Data protection is the systematic application of a set of institutional, technical and physical safeguards that preserve the right to privacy with respect to the collection, storage, use, disclosure and any other type of processing of personal data[1]. The protection of personal data of migrants in particular is of fundamental importance as it is an integral part of protecting the life, integrity and human dignity of migrants.

Firstly, many challenges in the field of privacy and data protection derive from the rapid pace of technological advancements. Technology nowadays is facilitating people’s everyday life, but it also leads to large amounts of personal data being collected and processed in a small amount of time. For example, developments in the Internet of Things technology allow individuals today to monitor and track their physical activity with wearable fitness monitors, turn on the heating or electricity before they arrive home or even remotely unlock their door for visitors if they are not at home.

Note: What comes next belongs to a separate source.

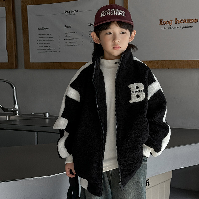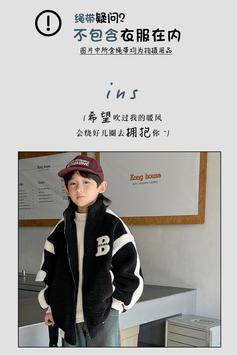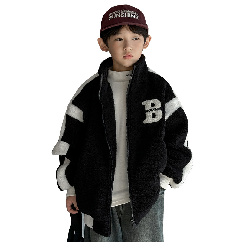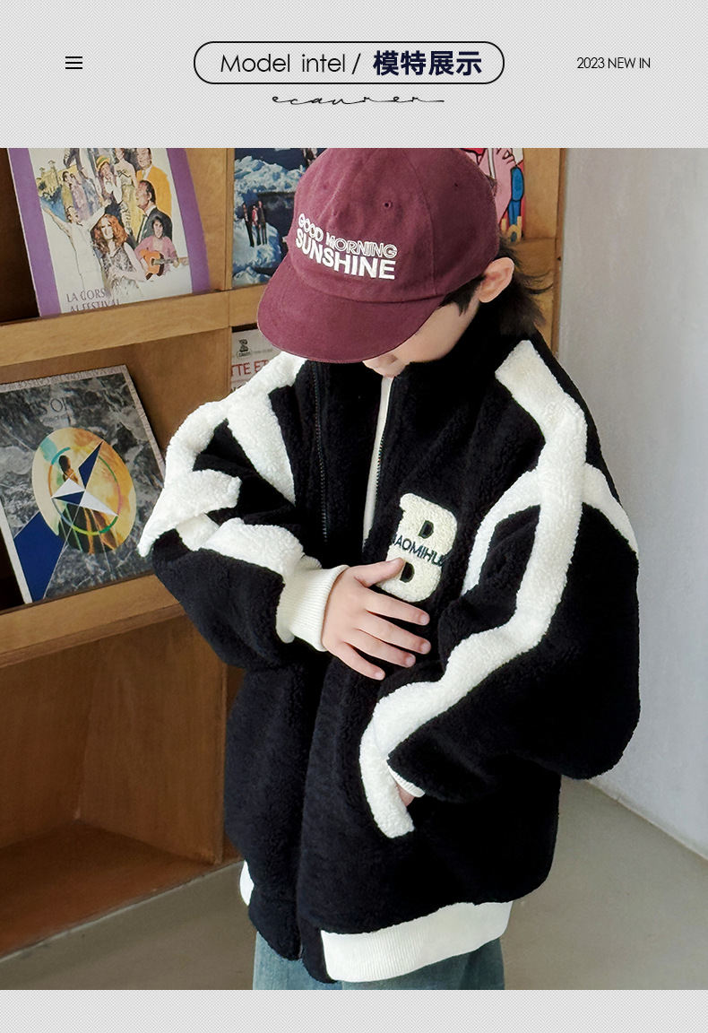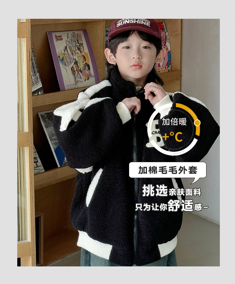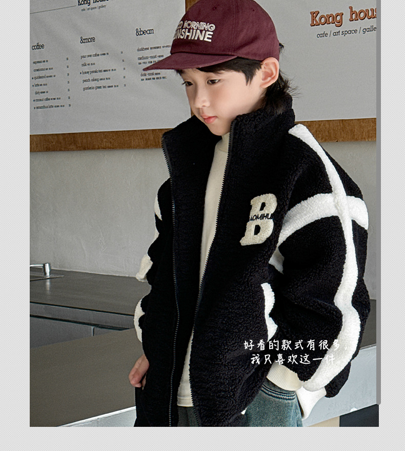 男童冬季波浪连帽毛毛衣2023新款大儿童加绒加厚保暖风衣外套冬装

This leads to a second group of challenges which is linked to technology moving at a quicker pace than the law. Even though many States have data protection legislation in place, some of it is not sufficiently updated to take technological advancements into account. Creating legislation for new technologies is by no means an easy task. Legal gaps are evident, for example, in the case of self-driving cars as most laws are silent on whether it is necessary for a human being to be driving a car.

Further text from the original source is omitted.